This folder contains 2 files.

---
`train_mlp_with_gmm.py` is a self-contained script that trains a simple MLP on a custom GMM-based dataset, as described in Section 3.2., for theorem 3.1. To reiterate, we use a 2-dimensional *Gaussian mixture model* (GMM) with $K=100$ components and variance $\nu$. In this GMM, each sample $(x, y)$ is generated by the following process:

- Draw an index $z \sim \mathrm{Cat}(1/K,\ldots,1/K)$,
- Generate $x \sim \mathcal{N}(\mu_z,\nu)$, where $\mu_z=(\pi z, 0) \in \mathbb{R}^2$,
- The class label is set to $y=1$ if $z$ is odd and $y=0$ otherwise.

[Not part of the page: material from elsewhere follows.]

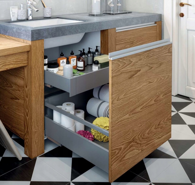 Прості, чіткі контури та гладка поверхня сторін чудово впишуться в будь-яку модель меблів. Завдяки ультратонким бічним покриттям користувач отримує додатковий простір усередині ящика. Серцем системи є надійна направляюча, точність безшумного механізму закривання, повне висування та висока вантажопідйомність забезпечують найвищий комфорт використання меблів.

From here, we explore the impact of various partitioning strategies:
- T1 uses a uniform grid that divides the data space into $K$ equally sized regions. Though simple, this may misalign with the true data distribution. 
- T2 generates $K$ centroids uniformly at random to form the partition, which may still lead to misalignment. 
- T3 fixes the centroids as mixture means $\mu_1,\ldots,\mu_K$ to create regions with  balanced probabilities (i.e., $p_i \approx p_j, \forall i,j$).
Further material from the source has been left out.